Online master classes, with the help of artificial intelligence, will visualize what the meals of the future might look like, discuss invasive species, which, just like aliens, inhabit foreign ecosystems, for example – the American crayfish found in the lakes and rivers of Latvia. Also, the participants will research together what people could eat and what products grow while living in space. During the summer in Cesis, Rucka Artist Residency will also host face-to-face workshops, in which young people will discuss and model the future through the prism of art and food for a week together with artists and cooks. 3D food sculptures will be created, food leftovers and oyster mushrooms will be processed into art, a game about invasive Signal crayfish will be created together, as well as an opportunity to taste everything prepared in the workshops.
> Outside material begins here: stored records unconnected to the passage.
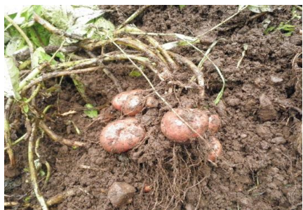
【中津芋栽培体験(収穫)】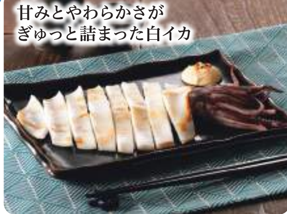
甘みとやわらかさがぎゅっと詰まった白イカ

山陰名産剣先イカ(白イカ)を丁寧に塩干しました。甘くて柔らかな身が特徴で、お客様からご年配の方まで人気があります。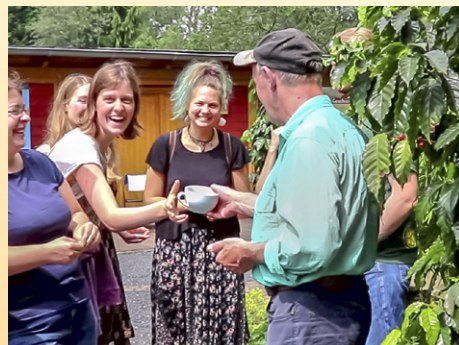
Sie untersuchen echte Kaffeekirschen.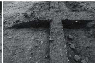
(6) SI2 断面B (北西から)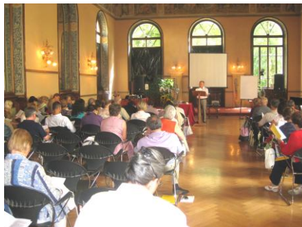
Discursul autorului la Congres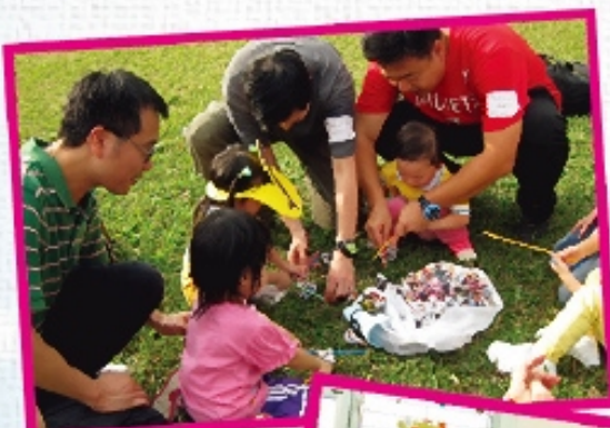
聯校親子旅行活動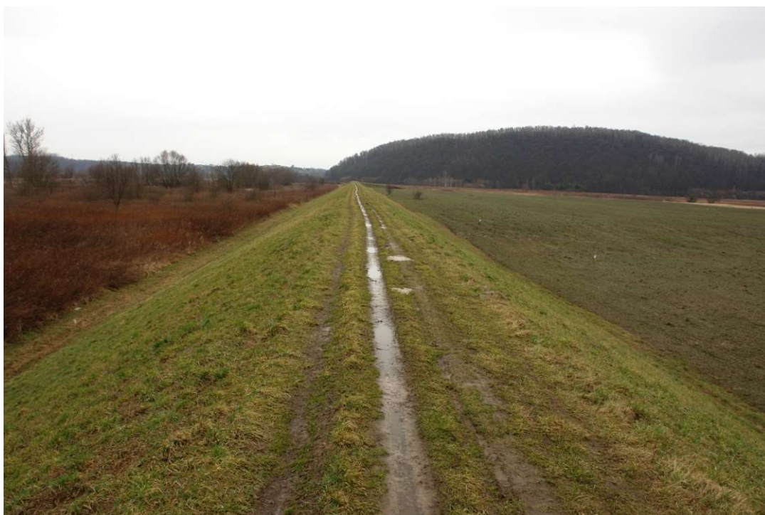
Foto. 2. Stan Terenu Budowy przed rozpoczęciem realizacji robót – prawy wał Wisły planowany do przebudowy na Zadaniu 1, stan w trzeciej dekadzie lutego 2020 r. (widok w dół rzeki).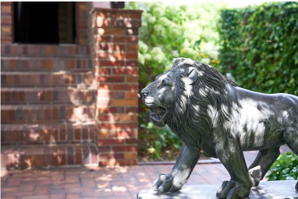
Schwere Plastiken im Garten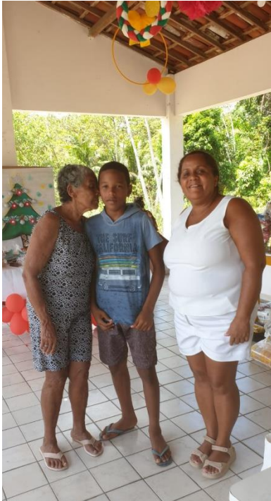
Festa de Natal com as famílias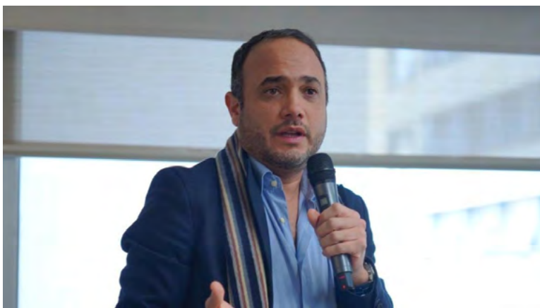
Senador Alfredo Deluque.

El senador Alfredo Deluque, en un contundente pronunciamiento, denunció los matrimonios infantiles en Colombia como un acto de violencia sistemática contra las mujeres. Durante el debate sobre la eliminación de esta práctica, Deluque enfatizó que la gran mayoría de estos matrimonios involucran a niñas forzadas a casarse con hombres mucho mayores, y no se trata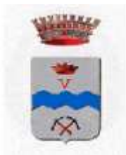
Comune di Sant'Orsola Terme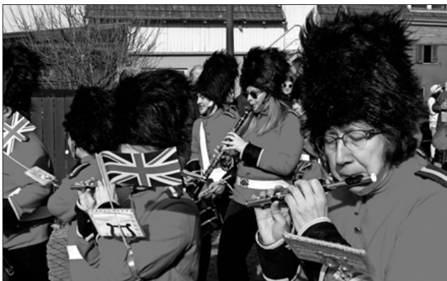
Die Briten kommen, der Musik- und Spielmannszug der Freiwilligen Feuerwehr Abteilung Köndringen.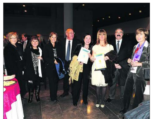
El equipo del Complejo Universitario Asistencial de Salamanca, que recibió los premios al Mejor Hospital y Mejor Servicio de Hematología y Hemoterapia.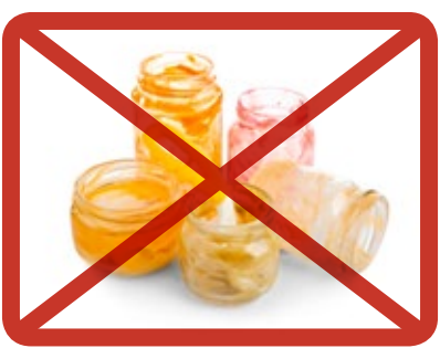
Glasburkar » insamling för glasförpackningar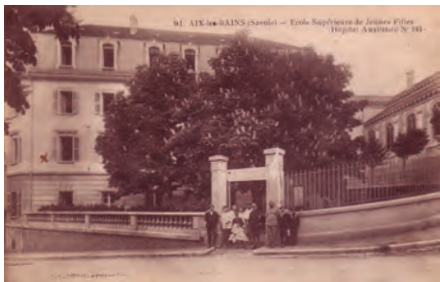
Soldat devant l'HA 105, école supérieure

Cet hôpital auxiliaire est géré par l'Union de Femmes de France. Il reçoit 45 blessés dès le premier train, le 10/9/1914. L'internat de l'école continu de fonctionner, une dizaine de jeunes filles étaient alors hébergées chez la directrice.

Whereas, in autumn, students will have the opportunity to receive do-it-yourself art kits “Eat+Art”, in which the authors of the project will have compiled guidelines for individual art and culinary experiments. You can apply for them on the project website, and the kits will be sent to all regions of Latvia free of charge. At the end of the online and face-to-face activities of the project, an exhibition will be opened on July 16 in Cesis, where the art objects created by children and young people created during the workshops will be exhibited. In parallel, the cycle of short films “Next Generation+Climate+Future” will be made, which will explore ecological anxiety and uncertainty about the future in the environment of children and young people, which is planned to be published in the fall of 2023.

The project is implemented by Rucka Art Foundation, which was established in 2007 with the aim of attracting public attention to solving current environmental and social issues with the help of documentary cinema and photo projects, and the Vitenparken Science Park, which is located in the premises of the Norwegian Life Science university in Ås. Vitenparken is a non-profit organization whose main activities are seminars, workshops and hackathons on food production and technology.
The project “Art+Food+Next Generation” (Nr. EEZ/2022/2/23) has been realized with the support of the European Economic Area (EEA) Grants Financial Mechanism funding period 2014. – 2021. program “Local Development, Poverty Reduction, and Cultural Cooperation” open call “Support for the Creation of Professional Art and Cultural Products for Children and Youth”.
The project’s realization period is from 1 October 2023 until 30 November 2023. The project’s total eligible costs are 164,958.33 EUR. The project receives a 140,214.58 EUR grant from Iceland, Liechtenstein, and Norway through the EEA Grants and a 24,743.75 EUR grant through national co-financing.